Saša Antunović

Personal information
- Full name: Saša Antunović
- Date of birth: 4 November 1974 (age 50)
- Place of birth: Pristina, SR Serbia, SFR Yugoslavia
- Height: 1.88 m (6 ft 2 in)
- Position(s): Centre forward

Senior career*
- Years: Team / Apps / (Gls)
- 1995–1996: Priština
- 1996–1997: Čukarički / 5 / (0)
- 1997–1998: Priština / 20 / (3)
- 1998–2002: Sartid Smederevo / 87 / (19)
- 2002–2003: Spartak Varna / 27 / (5)
- 2004: Sartid Smederevo / 15 / (2)
- 2005–2008: Lokomotiv Sofia / 78 / (30)
- 2009: Kom-Minyor / 2 / (0)
- 2010: Seljak Mihajlovac
- 2011: Hajduk Beograd / 9 / (2)
- Total:  / 243 / (61)

= Saša Antunović =

Serbian footballer

Saša Antunović (Саша Антуновић; born 4 November 1974) is a Serbian former professional footballer who played as a centre forward.

==Career==
Antunović started out with his hometown club Priština and played in the Second League of FR Yugoslavia. He subsequently moved to Čukarički and managed to score once in the 1996 UEFA Intertoto Cup. Later on, Antunović returned to his parent club Priština for one season, before joining newly promoted First League of FR Yugoslavia side Sartid Smederevo in 1998. He spent the next four years with the Oklopnici.

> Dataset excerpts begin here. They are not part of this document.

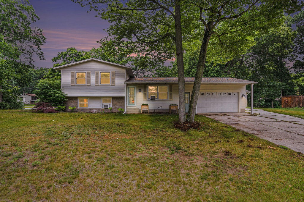 Lovely Neighborhood for this home. Large lot on treelined street, this home features 3 bedrooms, 1.5 baths, living room, family room, dining area, kitchen, and mudroom leading to the 2 car attached garage. Private, fenced in back yard and an EXTRA 2 car garage with attached HEATED WORK SHOP! Kitchen with granite counters, tiled backsplash and tile flooring. Dining area with sliders to newer deck outside. Bath with subway tiled shower, solid surface counters and soft close cabinetry. New heating/boiler system for quiet, hot water heat was installed in 2023. Roof was replaced in 2021. Great package in terrific location, Spring Lake School District and easy access to all local amenities.
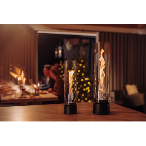 Bioetanoolil töötav kamin on suitsu- ja lõhnavaba ning sobib ideaalselt nii siseruumidesse kui ka rõdule. Kuumakindel borosilikaatklaasist silinder muudab leegi dünaamiliseks ja hästi nähtavaks ka päevavalguses, luues efektse valguse ja soojuse mängu.
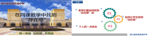棠湖中学黄飘逸老师以在网课教学中找到“存在感”为主题,从寒假准备、备课组教研、教师备课、学生课堂与落实等角度,分享了老师如何找到“存在感”,如何让学生找到“存在感”的方法,希望老师们都能在虚拟的云端教学中找到师生真实的存在感。
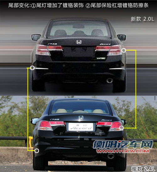 在外观上新款雅阁增加了诸多的镀铬装饰条,中网造型恢复了老款的紧凑的镀铬中网,相比现款镀铬范围进一步增大。保险杠处及车身侧面均增加了镀铬防擦条,增加了美观性的同时也增加了防护作用。轮毂方面,实拍车型为2.0升车型相比现款同排量车型的轮毂造型也有细微变动。而在尾部造型上尾灯上的镀铬装饰条进行了延伸,进一步加大了镀铬范围,尾部保险杠也增加了两处镀铬装饰条,诸多装饰条的应用将是新款雅阁的外观造型更显大气庄重。
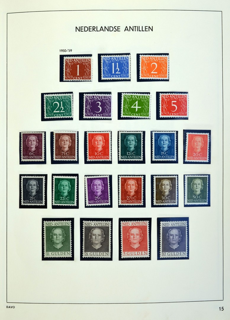 NEDERLANDSE ANTILLEN 1949-2010, geheel complete postfrisse verzameling in 3 luxe Davo albums, wb. ook de siervellen, gutterpairs, persoonlijke uitgiften, etc., etc. Mooie koop met hoge waarde!
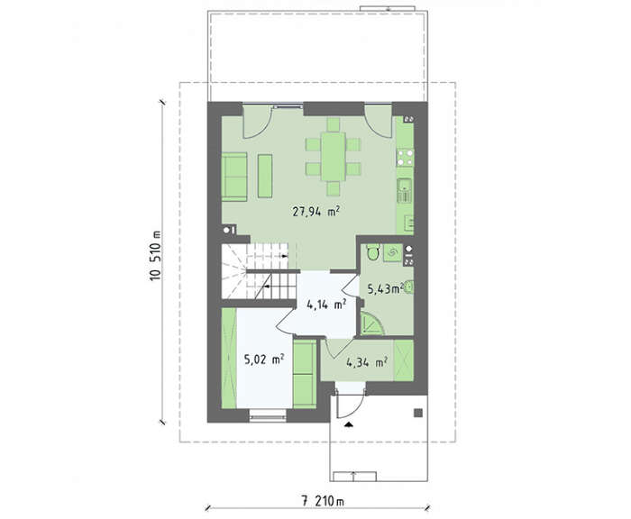 Внутрішній простір будинку підпорядковане догмам європейського стилю. Площа раціонально розподілена між кімнатами. Нижній рівень являє собою простору вітальню, отриману за рахунок злиття території кухні, їдальні і залу для прийомів. Відсутність перегородок робить кімнату ще більше і вільніше. Площа вітальні збільшується за рахунок примикає тераси.
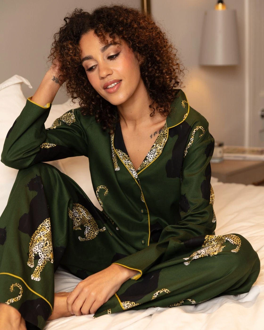 Cyberjammies Olive Leopard Print Wide Pyjama Bottoms – Olive Green Mix
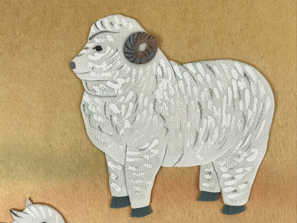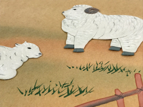 This item is a vintage Japanese shikishi art board. In the style of oshie zaiku, or padded silk, this piece features raised zodiac images of a sheep and a lamb in white with a sunset-colored background and painted fence. This particular piece was handcrafted at the Higashigawa Handicraft Workshop in Omi Hachiman, Shiga Prefecture and comes with its original cardboard cover. It is signed with red seals.
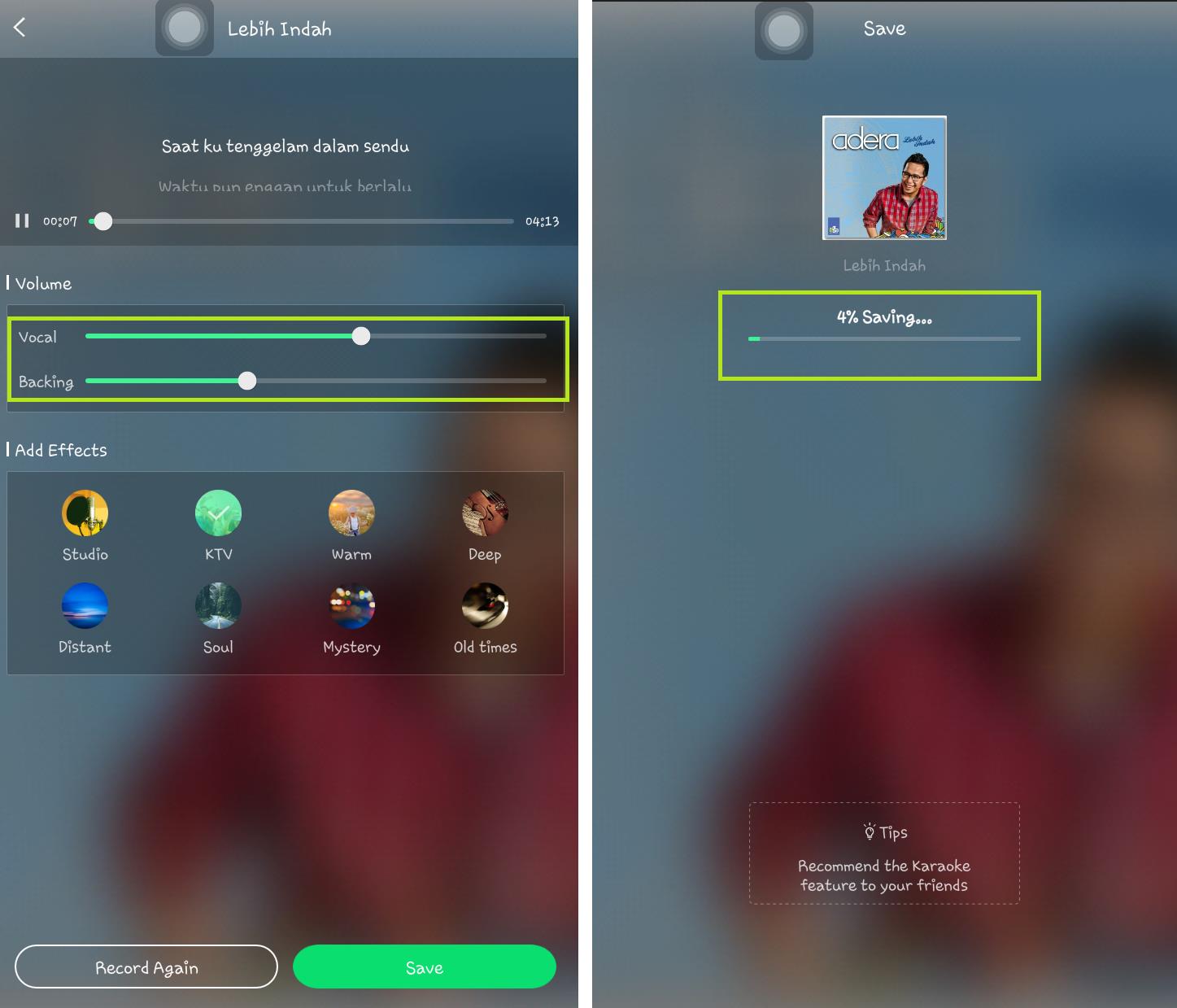 8. Jika dirasa cukup, kamu bisa langsung save hasil karaoke atau bisa juga melakukan record ulang.

In 2002, Antunović moved abroad to Bulgarian club Spartak Varna. He then returned to Sartid Smederevo in early 2004. During the 2004–05 season, Antunović moved back to Bulgaria and signed with Lokomotiv Sofia. He made 78 appearances and scored 30 goals for the side in the top flight.

==Personal life==
In 2009, Antunović was a contestant on the third season of the Bulgarian reality show VIP Brother.